A much smarter model, which SharePoint Online offers via both the create and save processes, is to allow people to save non-email records directly to SharePoint, including in syncronised document libraries in File Explorer; the document libraries can have default metadata applied to content types, and retention policies can be applied to those libraries. Emails can be moved automatically via Flow, or retained in the mailboxes with Office 365 retention policies applied. Recordkeeping happens in the background, people don’t have to fill in a form every time they want to save a record to the system.

Microsoft have centralised records management across the Office 365 environment. For example, the creation and management of records disposal/retention classes (called ‘classification policies’) is now carried out in the Security and Compliance Admin centre of the Office 365 portal. Records managers need to be assigned specific roles to do what they need to do (and I would argue, the corporate records managers should also be Site Collection Administrators on every site, preferably via a Security Group).

It doesn’t matter if the record is in Exchange or in SharePoint (or some of the other Office 365 applications), a classification policy can be applied wherever it is. When implemented correctly (based on a good architecture model), classification policies can provide the recordkeeping context required to link records over time.

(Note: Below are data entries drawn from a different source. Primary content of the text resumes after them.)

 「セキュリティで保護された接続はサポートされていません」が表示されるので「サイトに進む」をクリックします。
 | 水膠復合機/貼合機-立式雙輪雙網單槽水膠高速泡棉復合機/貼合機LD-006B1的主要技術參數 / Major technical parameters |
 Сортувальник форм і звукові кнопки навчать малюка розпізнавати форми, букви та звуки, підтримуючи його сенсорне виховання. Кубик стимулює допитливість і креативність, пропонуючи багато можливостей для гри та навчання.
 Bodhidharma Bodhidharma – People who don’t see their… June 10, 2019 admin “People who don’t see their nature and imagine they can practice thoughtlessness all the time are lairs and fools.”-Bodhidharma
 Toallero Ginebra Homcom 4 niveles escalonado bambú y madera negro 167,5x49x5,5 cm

Third, just like a home subscription to Office 365 with cloud storage is more cost effective than buying the product as before, most IT organisations have seen the benefits of moving their enterprise agreement licencing from per-device licence (where the licence is based on the computer) to a per-user licence (where the user can use the product on multiple machines including mobile devices or from home). This has also allowed them to shift storage (and the costs of maintaining servers, including technical staff) from their own or hosted data centres to the Microsoft cloud (which, ironically, may be in the same hosted data centre).

One large organisation that I’m familiar with had around 30TB of storage in the data centre; by acquiring Office 365 E3/E1 licences, they had 45TB – PLUS, 1TB for each user’s OneDrive. I suspect this point is not known to most records managers (first point above), who simply see the CIO’s introducing or rolling out Office 365 for no obvious reason.

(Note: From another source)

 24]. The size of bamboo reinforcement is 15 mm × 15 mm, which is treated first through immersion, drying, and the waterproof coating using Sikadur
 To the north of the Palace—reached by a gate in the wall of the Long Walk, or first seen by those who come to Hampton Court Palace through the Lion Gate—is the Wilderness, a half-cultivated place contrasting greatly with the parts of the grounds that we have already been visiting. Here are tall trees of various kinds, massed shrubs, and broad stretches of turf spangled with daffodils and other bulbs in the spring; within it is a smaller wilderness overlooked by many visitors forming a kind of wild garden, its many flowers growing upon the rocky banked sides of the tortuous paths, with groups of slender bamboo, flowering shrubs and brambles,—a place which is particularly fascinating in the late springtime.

Fourth, SharePoint has traditionally been many things to different people because it has always had a dual nature – publishing/intranet and team sites.

This is no different in SharePoint Online but the options to customise are now fewer (thankfully). Communication sites are a simple and elegant way to publish information, while team sites (including Office 365 Group-based team sites) are more or less the functional replacement for network drives (OneDrive for Business replaces personal drives).

In my opinion, it is important for anyone getting involved with SharePoint to understand this – that SharePoint Online is NOT the same as the ‘old’ SharePoint on-premise that could be customised to do just about anything.

Keep it simple, using the very rich ‘out of the box’ options, and it begins to make more sense. Plus, as noted already, users can synchronise SharePoint document libraries to File Explorer and work from there, so their experience can be more or less exactly what it is now using network drives.

Can you manage records in SharePoint Online? Absolutely, keeping in mind that SharePoint Online is very much a part of the Office 365 ecosystem and should not be considered a standalone application as it was when installed in an on-premise server.

Records managers need to get up to speed (quickly, in my opinion, although I’ve been saying it for years) with not only the recordkeeping functionality already in SharePoint Online and be SharePoint System Administrators (to give them access to the SharePoint Admin portal) and Site Collection Administrators, but also really need to understand the Office 365 portal and the relevant parts of the Security and Compliance Admin Centre including classification policies, ediscovery options and audit options.